Stored entries:
---+---

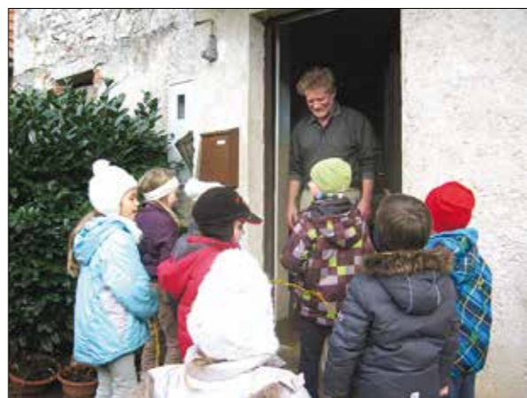
Pa druga ...
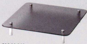
G25 30 960 スモーク 35cmディスプレイスタンド [TR] D-34.9 H-6.8 ¥18,000
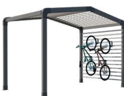
Range-vélos et/ou stockage

Sas d'entrée, espace détente ou de stockage, chambre indépendante, les modul'homes s'adaptent aussi bien aux mobil-homes 1 pente que 2 pentes. Ils peuvent se positionner en pignon, comme un sas ou détaché du mobil-home.
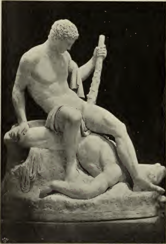
Abb. 5. Theseus als Sieger über den Minotaurus. Wien.

führte sein Nachfolger, Clemens XIV., in weiser Selbstüberwindung: am 21. Juli 1773 hob er den Orden Jesu auf. Es war eine große, den Verhältnissen durchaus angemessene That, allein sie kostete dem Papst

---+---

=== Your objective ===
From the line containing "G25 30 960 スモーク" to the final line of the entries, both included, transcribe every line exactly, omit the pictures, and add nothing more.

=== Written answer ===
G25 30 960 スモーク 35cmディスプレイスタンド [TR] D-34.9 H-6.8 ¥18,000
Range-vélos et/ou stockage

Sas d'entrée, espace détente ou de stockage, chambre indépendante, les modul'homes s'adaptent aussi bien aux mobil-homes 1 pente que 2 pentes. Ils peuvent se positionner en pignon, comme un sas ou détaché du mobil-home.
Abb. 5. Theseus als Sieger über den Minotaurus. Wien.

führte sein Nachfolger, Clemens XIV., in weiser Selbstüberwindung: am 21. Juli 1773 hob er den Orden Jesu auf. Es war eine große, den Verhältnissen durchaus angemessene That, allein sie kostete dem Papst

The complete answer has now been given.